• _Data block_:
• • •

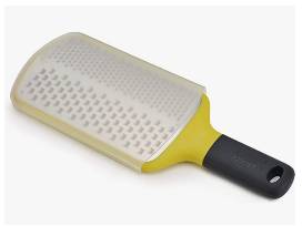 This compact grater features two styles of grating blades in one design, saving valuable drawer space. The coarse blade is ideal for grating firm cheeses and vegetables. The fine blade is perfect for hard cheeses, like parmesan and citrus fruits. The paddle design makes it easy to grate directly over plates and the non-slip tip provides extra grip while grating.
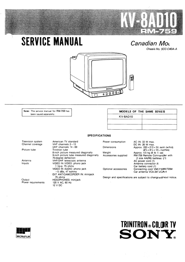 Opis SONY KV8AD10 Instrukcja Serwisowa
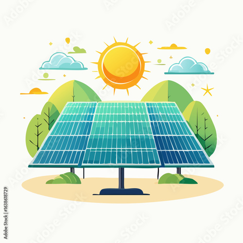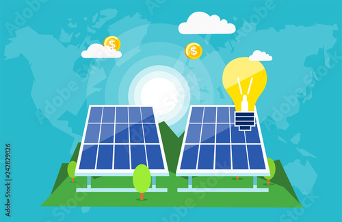 Investment in solar energy concept vector illustration. Solar panel with dollar coin and light bulb connected to it. Flat style design element for website template, poster, banner etc.

• • •

• _What you need to do_: Return all of the material precisely as written. No picture belongs in it.

• _Response box_:
 This compact grater features two styles of grating blades in one design, saving valuable drawer space. The coarse blade is ideal for grating firm cheeses and vegetables. The fine blade is perfect for hard cheeses, like parmesan and citrus fruits. The paddle design makes it easy to grate directly over plates and the non-slip tip provides extra grip while grating.
 Opis SONY KV8AD10 Instrukcja Serwisowa
 Investment in solar energy concept vector illustration. Solar panel with dollar coin and light bulb connected to it. Flat style design element for website template, poster, banner etc.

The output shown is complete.